Preocupación por la música

La compañía discográfica con la que usted trabaja firmó un convenio con una proveedora de Internet para ofrecer música y videos gratis. Hoy las discográficas no parecen encontrar la forma de vender discos. ¿Cómo analiza usted este tema?

–Creo que esta situación está en un período de transición, se está dando un cambio importante. Por una parte, hay algo ilegal que es la piratería; pero por otra parte hay algo legal que es la idea de que uno puede bajar canciones por Internet, sin tener que pedirle permiso a nadie. Eso hace que la estructura tradicional de las casas discográficas cambie o desaparezca. Pero, pase lo que pase, la música sigue... ¡La música es la música!

–De todos modos, muchos pronostican la muerte del disco en un futuro próximo.

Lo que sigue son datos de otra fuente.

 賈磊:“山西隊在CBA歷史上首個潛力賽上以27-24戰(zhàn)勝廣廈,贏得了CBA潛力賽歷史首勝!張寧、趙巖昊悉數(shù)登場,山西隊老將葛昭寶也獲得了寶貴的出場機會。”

–Sí, parece, puede ser. Uno nunca sabe. La muerte del libro fue pronosticada a comienzos del siglo XX, y el libro todavía es un soporte que parece insuperable. Uno nunca sabe nada.

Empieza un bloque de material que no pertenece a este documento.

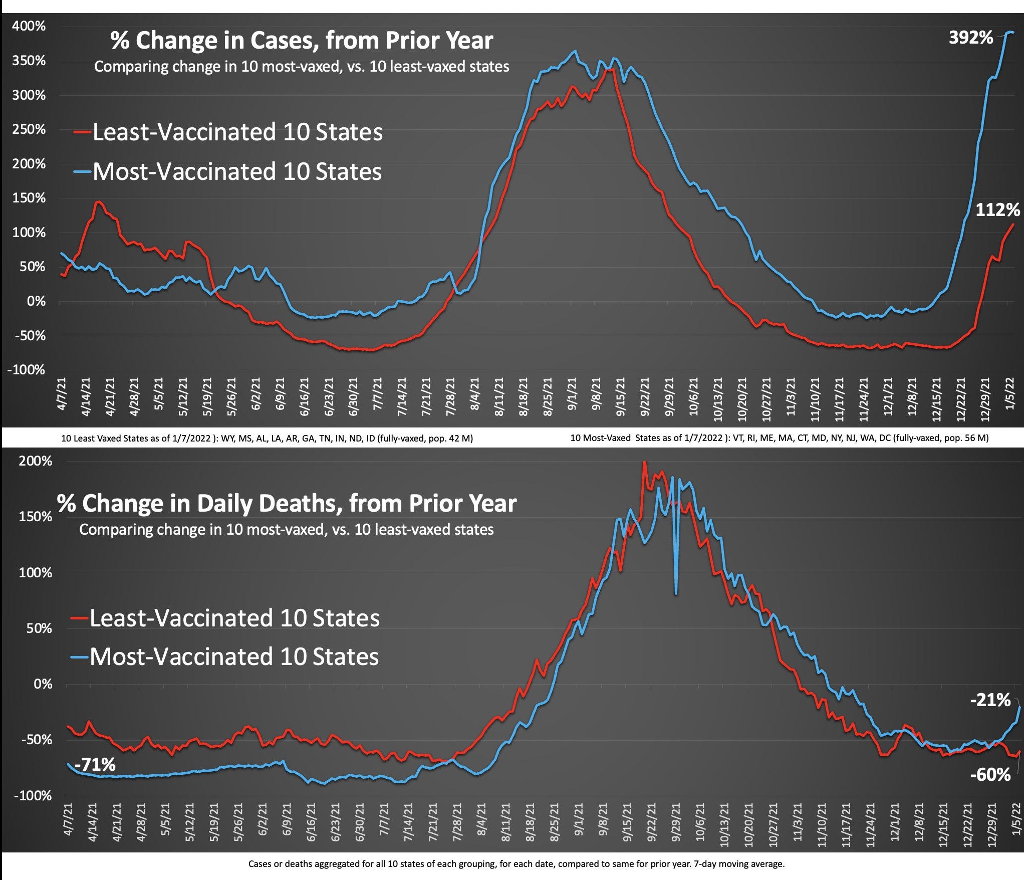 longtime gatopal™ emily burns created this graphic. in it, she compares as aggregates the 10 most vaccinated states and the 10 least and benchmarks them off their own performance a year ago to control for seasonality, risk, etc.

–¿Y como músico no le preocupa saberlo?

–Sí, me interesa como tema, pero no es que sea determinante para mi creación. Va a cambiar, incluso va a cambiar la música: así como la aparición del disco cambió la música, su desaparición también la cambiará. Pero para quien hace música, esto es sólo un detalle.

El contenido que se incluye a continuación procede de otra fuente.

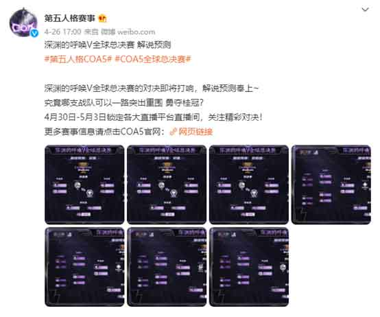 近段时间里面,第五人格的COA5赛事火热的打响了。在经历了半个多月的征程之后,各支队伍也为我们带来了精彩的表现。而最终一轮轮的选拔,淘汰赛也即将在4.30号拉开帷幕,直至5.3号结束,在这个五一小长假里面,相信第五人格的COA5赛事上,各路的职业选手会为我们带来精彩的发挥!
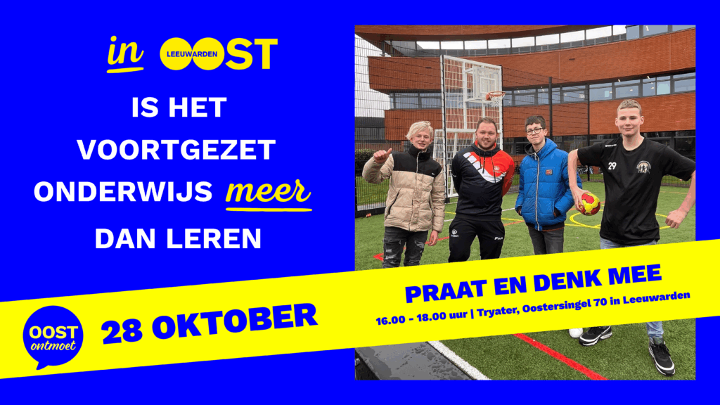 De volgende Oost Ontmoet is op dinsdag 28 oktober, van 16.00 tot 18.00 uur (inloop vanaf 15.30 uur), met aansluitend soep en broodjes tot uiterlijk 18.30 uur. Een ontmoeting voor partners, professionals, vrijwilligers en andere betrokkenen bij het programma Leeuwarden Oost.
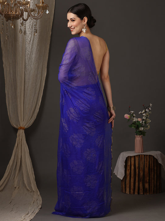 Women's Chiffon Blue Embellished Designer Saree With Blouse Piece

–¿Imagina qué nueva forma podría tomar este cambio?

–Todavía no, hay muchas cosas que van a pasar, pero creo que en la medida en que se creen nuevos espacios de comunicación e intercambio de la música, se crearán nuevos ámbitos de fruición de la música. Ya cambiaron muchas cosas: hoy la gente elige las canciones que quiere escuchar por Internet, y muchas veces sin saber ni siquiera quién las canta. Lo veo en mis hijos menores, uno de 10, el otro de 15 años, ellos hacen eso: escuchan en Internet, eligen cosas, muchas veces no saben ni siquiera el nombre del cantante ni del autor o lo que sea. Otras veces descubren cosas antiguas, como The Beatles, o toda la música que hizo en su vida Michael Jackson, o Stevie Wonder, o Bob Marley... Lo descubren, empiezan a escuchar y a enseñarme, y a decir ¡qué maravilla que son estas cosas!, pero ya sabiendo los nombres de los cantantes o los autores. Este nuevo escenario es muy variado, y muy rico de posibilidades.

–No lo percibe como algo preocupante, sino más bien enriquecedor.

–Bueno, puede ser enriquecedor en muchos aspectos y empobrecedor en otros, pero no lo veo con preocupación, no. Lo veo con interés, y más o menos neutralmente. Si es que debo preocuparme, yo me preocupo por hacer música.